Yes, that is correct. The site outlines the stipulations to make you eligible to apply for a loan modification from your lender; however, the program is voluntary and there is a chance your servicer isn’t participating (many are, though – and there are financial incentives for them to do so. You can find a frequently-updated list of servicers who have signed on here.)
If your servicer is participating, they will then put your loan through a series of tests to determine if you qualify. This includes:
- Determining whether your loan is eligible (owner occupied, originated on or before January 1, 2009, unpaid principal balance equal to or less than $729,750).
- Asking about your current income, assets and expenses as well as why you are unable to make your current mortgage payment (you’ll need to provide proof – tax returns, pay stubs).
- Determining if your monthly mortgage payment is more than 31% of your monthly take home pay.

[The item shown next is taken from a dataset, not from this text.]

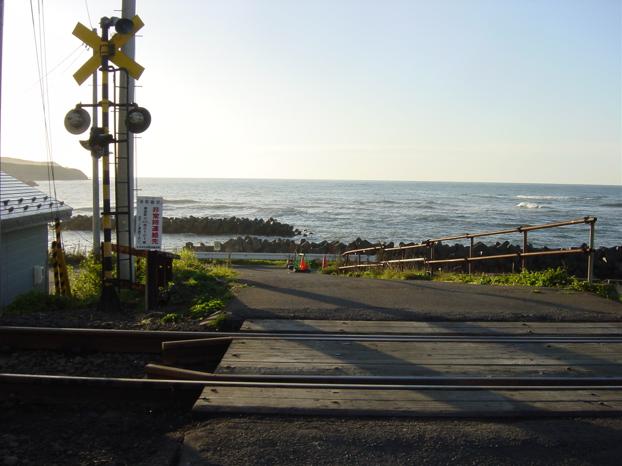 そうすると、下り坂の向こうに雰囲気のある踏切と、

- Adding past due charges (interest, but not late fees) to the loan balance.
- Calculating how much they would need to reduce your interest rate in order to get your mortgage payment to under 31% of your monthly take home pay
- Seeing if the cost of the modification (including the government’s incentive payments to the servicer) is less costly for the investor than not modifying the loan (Note: If you have a lot of equity or your income is very low compared to the value of your home, you will likely not pass this test)
- Putting you on a modification for a three-month trial at the new payment amount to see if you can make the payments. If you are successful, you’ll receive a permanent modification agreement that will lower your interest rate to a fixed rate for five years, and then cap it at a low rate for the remainder of the loan.